Надежда, рассказ, Юрий Слащинин

               
     Хутор доживал последние денёчки, когда вернулся со службы Анатолька Попов. Приехал он ночью, улицу не разглядел, как следует, а когда утром, в бушлате и бескозырке с развевающимися ленточками, пошёл обходить дворы, чтобы поздороваться с односельчанами и, как положено, пригласить их к вечеру на гулянку, то позабыл о своем параде, оторопев от стеснившей грудь жалости.
    Умирал  хутор. Оставались ещё оба порядка, с колодцем посередине, только домов поубавилось, и на том месте, где они стояли когда-то, зияли непривычные глазу прогалы. Но особенно тяжко было видеть брошенные избы. Осиротевшие, они словно понимали свою немощную непригодность и стыдливо прятались за палисадниками.
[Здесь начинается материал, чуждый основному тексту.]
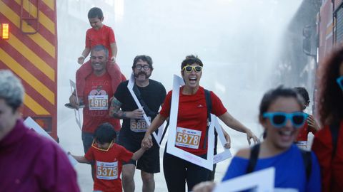 Fueron 2.000 metros de recorrido que llenaron de colorido el paseo marítimo de Riazor y certificaron que, muchas veces, lo de menos es llegar a la meta. Antes del pitido inicial, Leonardo Mouzo, de Camelle, se miraba a sí mismo ataviado de Eduardo Manostijeras. «Mi hijo tiene diversidad funcional, y venimos aquí a estar con él», explicaba sonriendo. Por las cercanías, grupos de participantes disfrazados de Capitán América o Superman, porque la cosa iba de héroes y de dejar la kriptonita a un lado.

А когда сквозил ветер, дребезжал стеклами и шуршал бумажками по пустым горницам,— избы брошенно стонали и всхлипывали дверьми и окнами сквозь стиснувшие их, приколоченные крест-накрест доски.
    А природа буйствовала в ту весну. Земли   Петров¬ского хутора словно пытались удержать хуторян своей родящей и созидающей силой: клубились яблоневым цветом брошенные сады, а огороды, некопаные, несаженые, поперли в рост картошку, лук, морковку, тут и там поднимали подсолнухи. А у Анатолькиного отца Владимира Семёновича стал расти кнут! Обычный кнут, которым погоняют лошадей, торчал из земли, свесив ремённый хлыст, а из черенка его пробились пять-шесть ивовых листочков. Владимир Семёнович, громадный и увалистый  мужик, как увидел эти листочки, так бросил ведра, с которыми шёл топить сыну баню, и заревел по-медвежьи:
   — Ма-а-ть!.. На-толь-ка!
    Подбежавшему первым    соседскому    деду    Федору Сморчкову показал на кнут и вытер слезу.
  — Де-да! Смотри ты, родит как родимая-то наша! Что делает-то, а?! Знак нам даёт, деда... Мол, что ж вы бросаете меня такую, сукины дети...
    Подошли другие соседи, пришёл Анатолька. Все ди¬вились на кнут, расспрашивали, как он оказался посаженным. Владимир Семёнович сердился: не специально   же сажал — обронил случайно, да вмял, может, колесом. Не про то говорил народ, о чём надо бы. Видел, и сын не понимает ничего,  пацан. Тоже побежит, наверное, с родной земли...

   Анатолькино возвращение отгуляли хутором. Поповы не поскупились ради единственного сынка,    но   веселья, молодого или будоражащего озорства какого-нибудь не было на той гулянке — некому теперь на хуторе озоровать. Молодёжь разъехалась, разлетелась    по городам  —  кто куда.    Анатолька    теснился, как-то всё ёжился под умильными, только на него направленными    взглядами   теток и дядей,    бабушек   и      дедушек. Не понимал, что, рослый да румяный, с кучерявым чубом да ясными глазами, он походил на доброго молодца из милых сердцу стариков воспоминаний молодости, бередил полузабытое.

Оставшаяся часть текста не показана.